News & Politics

Blissful Ignorance

George W. Bush admits an embarrassing lack of knowledge about one of the more controversial parts of his presidency

I’m reading George W. Bush’s stab at a memoir, Decision Points, and I’m not sure what’s more extraordinary: That the former President has almost nothing new to say about the campaign of domestic surveillance he authorized after the 9/11 attacks, or that for a week in 2004, Bush didn’t even know his attorney general was in the hospital and that he’d come to the conclusion the program was breaking the law.

I hadn’t anticipated Bush would expound at length on why he let the National Security Agency bypass a law prohibiting warrantless eavesdropping on Americans. But NSA’s surveillance operations marked one of the most controversial chapters of his administration, and I wasn’t expecting his account to be this pithy, breezy, and in the end, clueless.

In 481 pages, Bush devotes a mere nine to the so-called Terrorist Surveillance Program. Most of what Bush recounts we already knew from journalists: that in October 2001, a few weeks after the 9/11 terrorist attacks, he authorized the NSA to monitor so-called “dirty [phone] numbers” of terrorists who contacted people inside the United States. But Bush fails to acknowledge that this program, initially intended to function as an early-warning system, soon evolved into an unchecked campaign to monitor millions of ordinary Americans’ communications. By leaving that out, Bush reveals himself as a man who’s either afraid of his role in history or a President who didn’t know what was going on inside his own administration.

Bush dismisses the public debate that engulfed the program: “The left responded with hysteria.” Of the passionate arguments within his own administration about what he’d told the NSA to do, Bush says only that “there was no shortage of disagreements.” And Bush claims that in 2008, after Congress brought the surveillance under tighter control, that those changes “essentially ended the debate over the legality of our surveillance activities.”

The President can’t mean this. Mike McConnell, Bush’s former intelligence chief who led the 2008 push to re-write the Foreign Intelligence Surveillance Act, nearly ruined his reputation in the process. In those tense negotiations, lawmakers believed McConnell and the White House were acting in bad faith, and they told McConnell so. The “bipartisan support” for the administration’s position was the result of shrewd, strong-arm tactics by McConnell and his legal advisers, suggesting that lawmakers who opposed the bill would look weak on terrorism. McConnell proudly told me this was so. Surely he told the President.

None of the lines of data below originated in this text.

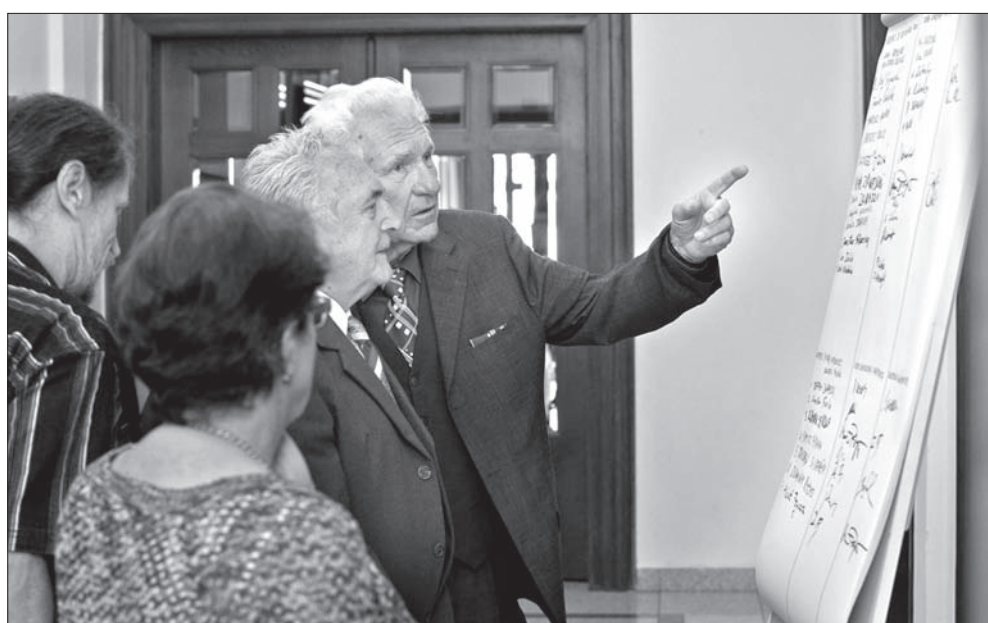
Lista kandydatów do Rady Kongresu budziła duże emocje.
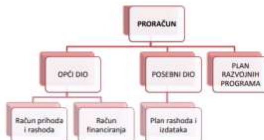
Slika 1: Struktura proračuna

Najkraće rečeno, proračun je plan prihoda i rashoda za neko vremensko razdoblje. Proračun Općine Tuhelj je akt kojim se procjenjuju prihodi i primici te utvrđuju rashodi i izdaci za jednu godinu s projekcijama za naredne dvije.
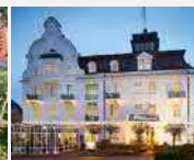
Göbel's Hotel Quellenhof 34537 Bad Wildungen
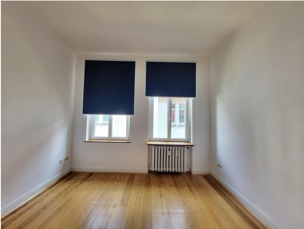
Zimmer 3, Verdunkelungsrollo
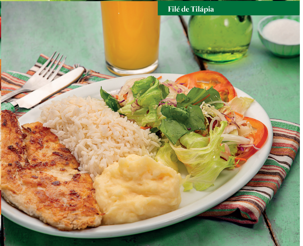
Filé de Tilápia
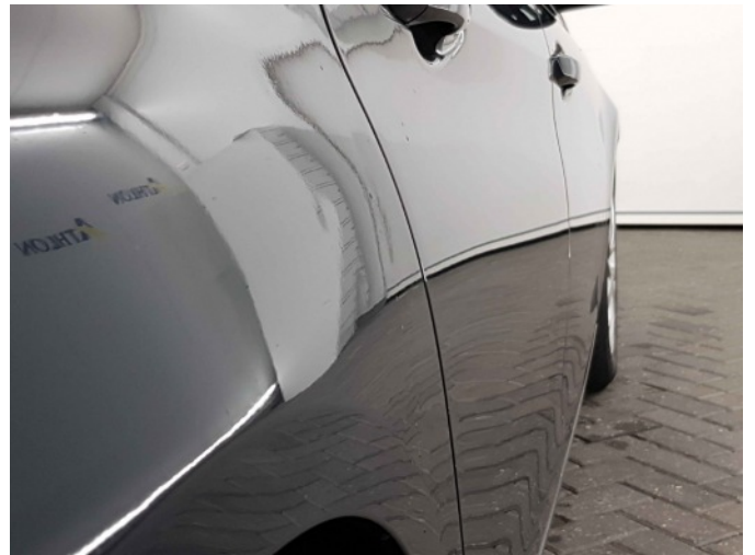
1. Zijwand - achter - rechts
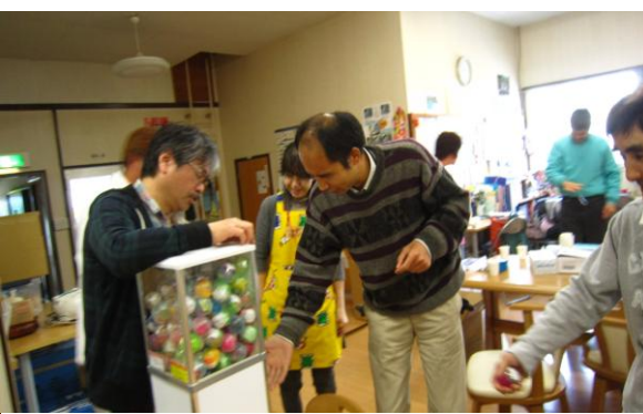
ご褒美のガチャポン
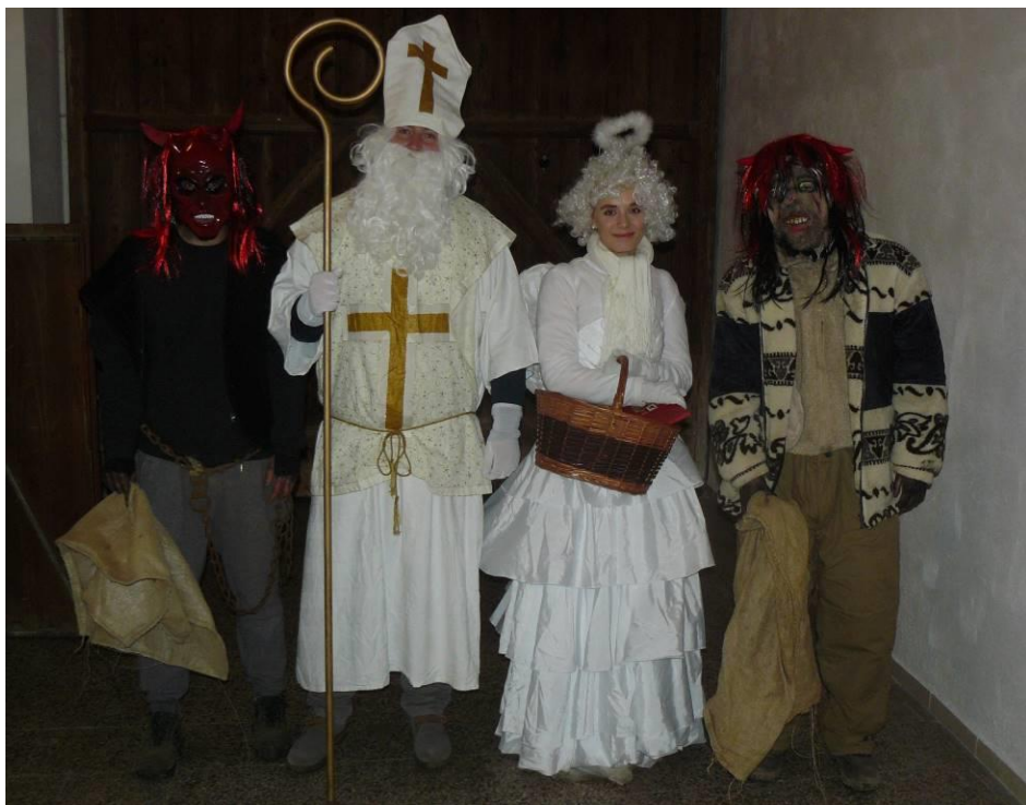
Mikuláš s andělem a čerty ve Světlé - 5. prosince 2020

d) Atelier Naskok předložil k připomínkám předběžný návrh architektonické studie řešení areálu pod lipami pod názvem Aktivní park obce Světlá. K této studii byla dne 24. 10. 2020 svolána pracovní porada zastupitelů i uživatelů areálu. Vznesené připomínky byly písemně postoupeny zpracovatelské firmě.

Or maybe not. The only revealing passage in Bush’s few pages on surveillance shows that in the program’s most desperate hour, the President was out of the loop. In early March 2004, the entire senior leadership of the FBI and the Justice Department threatened to resign over a part of the surveillance that they thought was illegal. Bush doesn’t say what that was in his memoir, but my sources tell me it involved that large-scale collection and mining of people’s phone and e-mail records.

The dispute stemmed from a now-famous chain of events, publicized by former Washington Post reporters Barton Gellman and Jo Becker. As he was about to withhold his recertification of the program on March 4, 2004, Attorney General Ashcroft suddenly fell ill and was admitted to George Washington University Hospital, where he eventually had emergency gall-bladder surgery. His deputy, James Comey, took over as acting attorney general and "communicated to the relevant parties at the White House" that Comey wouldn't sign off on the TSP, as he testified to Congress in 2007.

But now Bush says that only on the morning of March 10, the day before the program was due to expire, did he find out from his chief of staff, Andy Card, and from Vice President Dick Cheney, that there was a dispute over the TSP's future. And not until later that day did Card tell him that Ashcroft was in the hospital. The attorney general of the United States was possibly dying and for nearly a week the President knew nothing about it.

Every morning, Bush received a terrorism-threat update from Ashcroft and the FBI director. Didn’t the President notice Ashcroft’s absence? Bush says he didn’t learn until March 12 that Comey was in charge at Justice. “I was stunned,” the President admits. “Nobody told me.”

On March 10, with the program about to expire, Bush faced one of his “decision points” and signed off on the program without the attorney general’s blessing. Eventually, he relented to Comey’s demands and modified the surveillance so the officials who had threatened to resign could live with it—precisely how, we still don’t know. According to Bush, Card was in the dark as much as he. And nowhere does Bush explain what Cheney knew, when he knew it, and what he may have withheld from the President.

We’ve known for some years about Comey’s reservations and the fact that Bush didn’t realize how much trouble was brewing in his upper ranks. But only now do we find out from the President himself how ignorant he was of the imbroglio threatening his administration and how little he knew about who was running important programs. Many chroniclers of the Bush years, myself included, had long suspected that the President wasn’t in the driver’s seat on many important national-security decisions. I was stunned to find out that on this one, Bush wasn’t even in the car.